*** Opening of DATASET ***
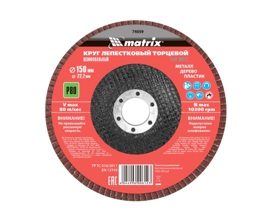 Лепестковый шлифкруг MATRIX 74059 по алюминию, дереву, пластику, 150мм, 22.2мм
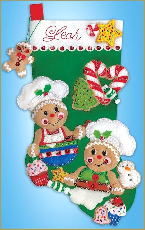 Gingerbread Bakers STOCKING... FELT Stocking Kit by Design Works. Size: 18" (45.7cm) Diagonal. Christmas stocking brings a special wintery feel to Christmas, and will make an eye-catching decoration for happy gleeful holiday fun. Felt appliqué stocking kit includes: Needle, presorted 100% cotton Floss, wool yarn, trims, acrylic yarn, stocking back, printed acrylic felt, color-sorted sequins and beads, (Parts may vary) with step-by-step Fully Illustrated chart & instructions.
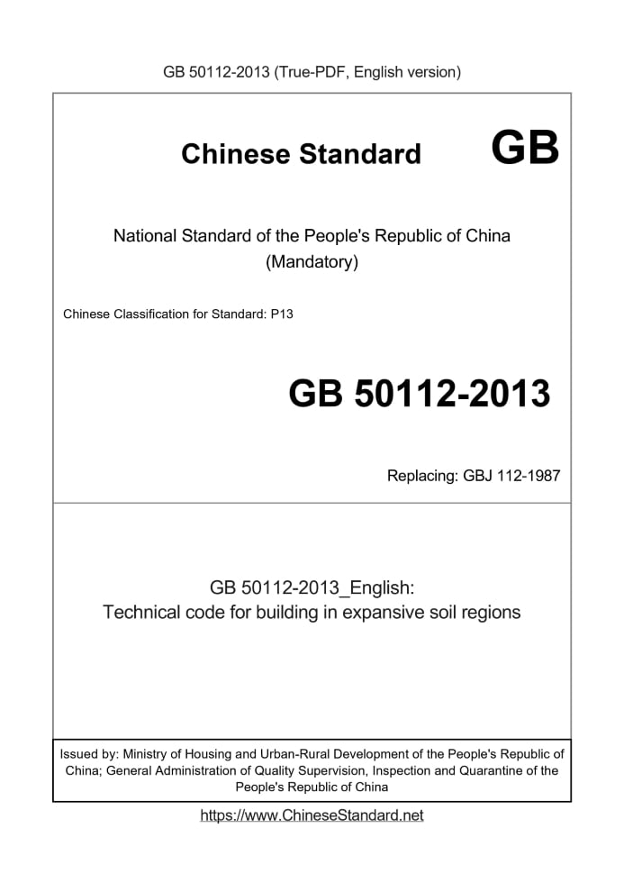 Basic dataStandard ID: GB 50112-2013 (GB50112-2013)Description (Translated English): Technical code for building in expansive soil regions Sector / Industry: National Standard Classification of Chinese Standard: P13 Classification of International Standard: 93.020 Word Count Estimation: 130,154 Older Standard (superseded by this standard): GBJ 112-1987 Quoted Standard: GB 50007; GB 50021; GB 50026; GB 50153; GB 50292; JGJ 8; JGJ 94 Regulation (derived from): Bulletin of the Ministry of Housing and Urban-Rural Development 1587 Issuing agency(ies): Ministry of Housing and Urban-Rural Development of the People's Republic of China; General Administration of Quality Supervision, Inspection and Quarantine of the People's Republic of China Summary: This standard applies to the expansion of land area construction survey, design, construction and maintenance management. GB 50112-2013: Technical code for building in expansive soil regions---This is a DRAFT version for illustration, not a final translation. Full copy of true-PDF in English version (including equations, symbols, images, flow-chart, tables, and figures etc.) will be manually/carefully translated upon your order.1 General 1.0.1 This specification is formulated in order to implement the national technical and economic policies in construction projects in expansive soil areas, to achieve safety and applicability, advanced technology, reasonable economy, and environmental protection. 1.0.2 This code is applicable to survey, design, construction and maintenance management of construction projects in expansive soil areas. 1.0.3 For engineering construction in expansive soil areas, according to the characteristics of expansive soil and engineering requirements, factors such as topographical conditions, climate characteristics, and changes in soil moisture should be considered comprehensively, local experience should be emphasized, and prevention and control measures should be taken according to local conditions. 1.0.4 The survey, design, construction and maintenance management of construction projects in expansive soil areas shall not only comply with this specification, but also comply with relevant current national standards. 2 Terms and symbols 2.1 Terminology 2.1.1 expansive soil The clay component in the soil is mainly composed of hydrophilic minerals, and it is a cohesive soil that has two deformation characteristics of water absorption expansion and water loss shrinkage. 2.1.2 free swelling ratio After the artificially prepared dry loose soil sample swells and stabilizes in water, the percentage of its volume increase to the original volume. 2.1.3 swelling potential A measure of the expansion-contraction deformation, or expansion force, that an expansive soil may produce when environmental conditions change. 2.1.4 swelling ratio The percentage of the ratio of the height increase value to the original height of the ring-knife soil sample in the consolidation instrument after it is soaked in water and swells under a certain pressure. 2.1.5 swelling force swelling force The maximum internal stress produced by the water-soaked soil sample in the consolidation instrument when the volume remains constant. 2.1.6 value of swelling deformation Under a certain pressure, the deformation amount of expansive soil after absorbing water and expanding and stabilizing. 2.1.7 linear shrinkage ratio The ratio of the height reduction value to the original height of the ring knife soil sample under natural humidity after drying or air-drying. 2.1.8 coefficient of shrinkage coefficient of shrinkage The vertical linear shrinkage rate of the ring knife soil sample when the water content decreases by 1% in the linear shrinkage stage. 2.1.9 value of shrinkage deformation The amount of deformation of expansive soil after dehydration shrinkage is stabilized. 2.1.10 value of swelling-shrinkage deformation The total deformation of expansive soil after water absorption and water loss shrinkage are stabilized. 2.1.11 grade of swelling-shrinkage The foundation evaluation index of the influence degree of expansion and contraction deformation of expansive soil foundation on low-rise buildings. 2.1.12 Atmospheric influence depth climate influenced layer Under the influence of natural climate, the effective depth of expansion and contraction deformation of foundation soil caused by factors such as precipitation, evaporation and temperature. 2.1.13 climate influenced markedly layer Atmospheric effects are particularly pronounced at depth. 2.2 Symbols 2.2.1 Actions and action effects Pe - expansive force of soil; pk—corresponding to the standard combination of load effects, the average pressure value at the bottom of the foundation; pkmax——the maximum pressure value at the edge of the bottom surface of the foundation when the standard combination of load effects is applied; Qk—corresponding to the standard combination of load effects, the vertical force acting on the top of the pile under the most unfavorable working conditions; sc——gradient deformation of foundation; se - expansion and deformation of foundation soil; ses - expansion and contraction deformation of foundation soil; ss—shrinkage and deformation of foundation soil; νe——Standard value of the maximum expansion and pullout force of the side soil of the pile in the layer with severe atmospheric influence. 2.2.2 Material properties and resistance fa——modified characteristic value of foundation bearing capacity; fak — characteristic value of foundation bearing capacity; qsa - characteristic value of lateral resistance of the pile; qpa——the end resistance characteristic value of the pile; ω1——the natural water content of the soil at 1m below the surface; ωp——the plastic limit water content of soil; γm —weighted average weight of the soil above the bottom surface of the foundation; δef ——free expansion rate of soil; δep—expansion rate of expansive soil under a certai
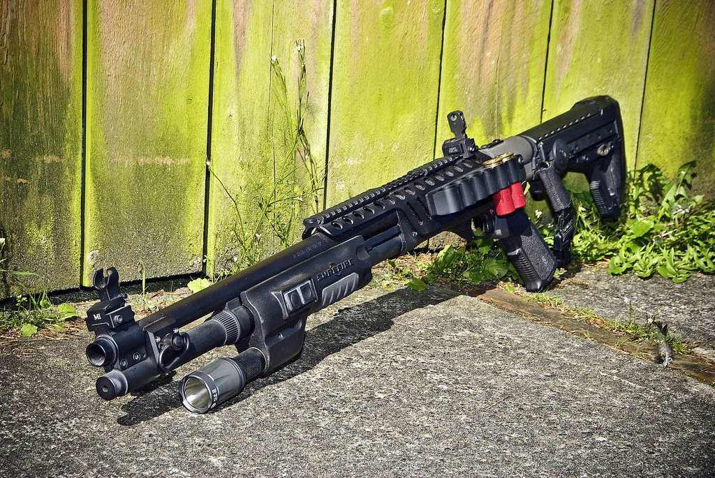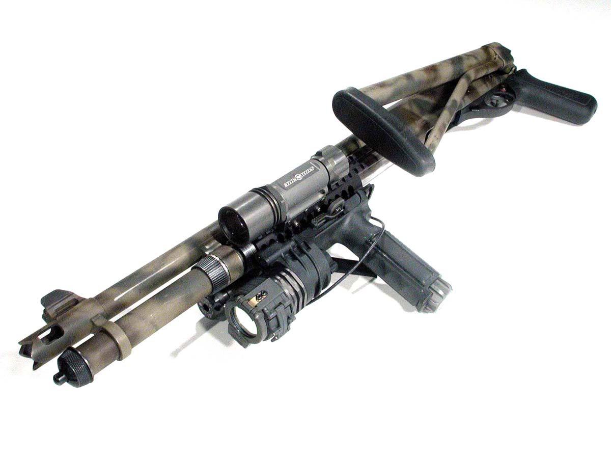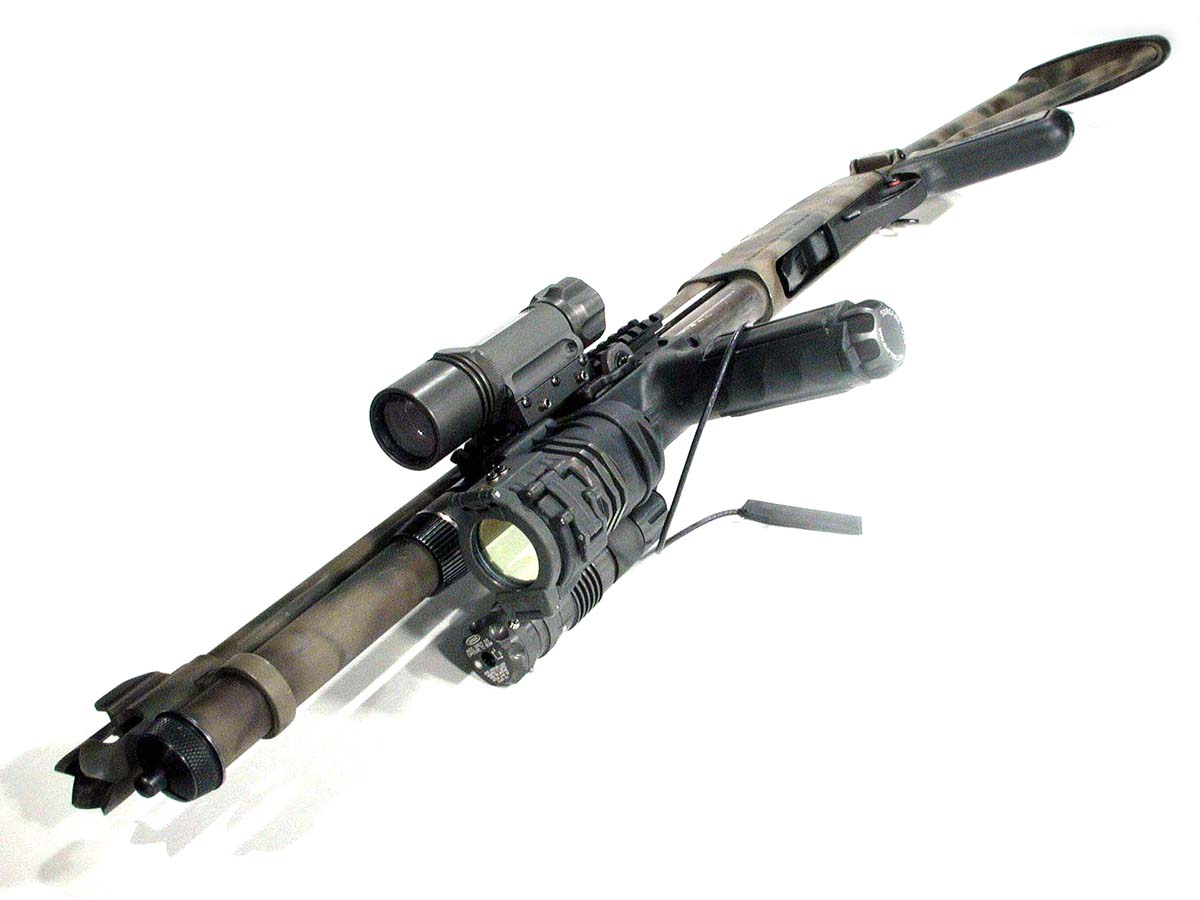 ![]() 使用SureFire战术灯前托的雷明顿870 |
*** Close of DATASET ***
*** Opening of DATASET ***
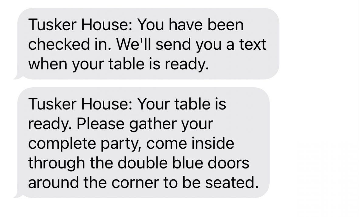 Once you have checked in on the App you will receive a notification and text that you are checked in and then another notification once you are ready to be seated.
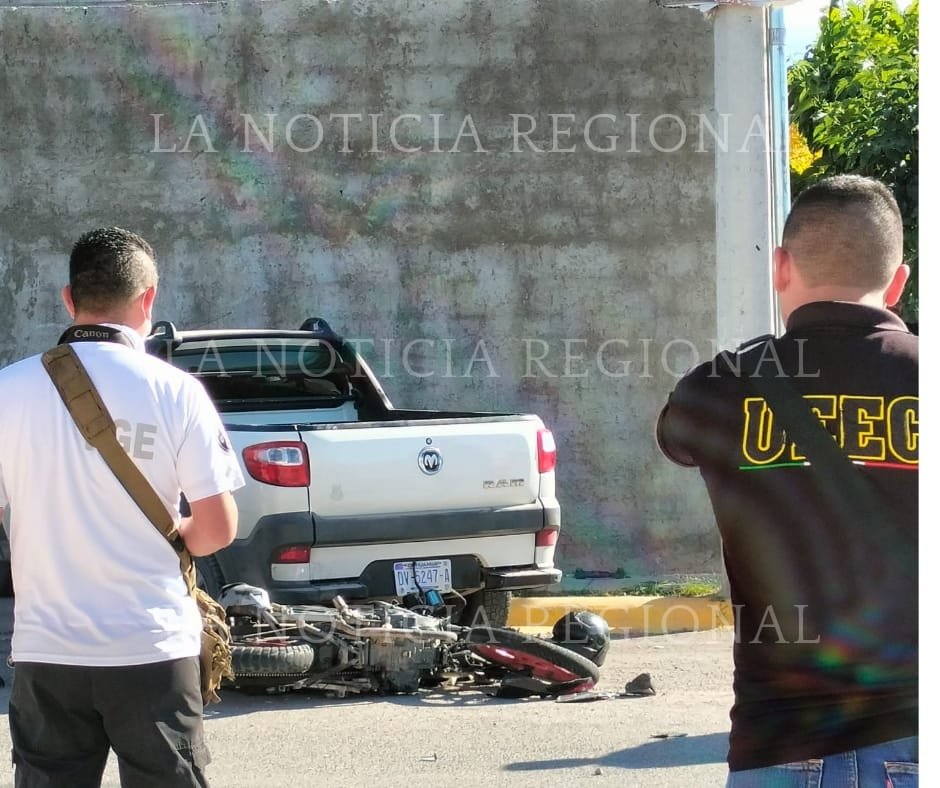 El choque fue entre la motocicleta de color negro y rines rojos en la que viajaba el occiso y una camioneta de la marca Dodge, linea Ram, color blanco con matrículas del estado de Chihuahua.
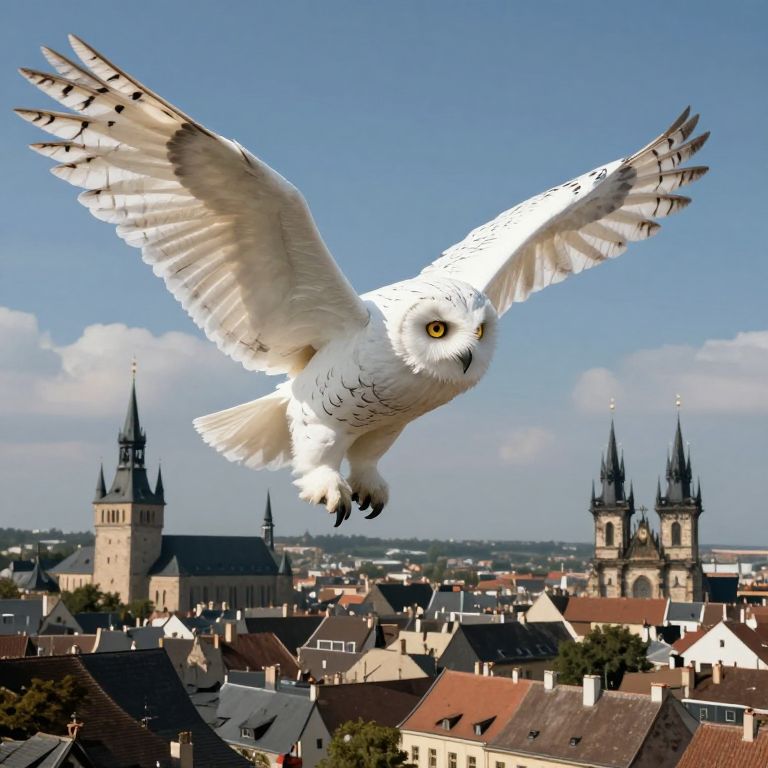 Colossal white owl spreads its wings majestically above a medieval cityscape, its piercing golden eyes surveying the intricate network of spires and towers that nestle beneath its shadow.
*** Close of DATASET ***
● **WHAT IS EXPECTED**
Pictures excluded, give again exactly and only the lines of the material above from the line with "Лепестковый шлифкруг MATRIX" through the line with "Gingerbread Bakers STOCKING...".

● **YOUR RESPONSE**
 Лепестковый шлифкруг MATRIX 74059 по алюминию, дереву, пластику, 150мм, 22.2мм
 Gingerbread Bakers STOCKING... FELT Stocking Kit by Design Works. Size: 18" (45.7cm) Diagonal. Christmas stocking brings a special wintery feel to Christmas, and will make an eye-catching decoration for happy gleeful holiday fun. Felt appliqué stocking kit includes: Needle, presorted 100% cotton Floss, wool yarn, trims, acrylic yarn, stocking back, printed acrylic felt, color-sorted sequins and beads, (Parts may vary) with step-by-step Fully Illustrated chart & instructions.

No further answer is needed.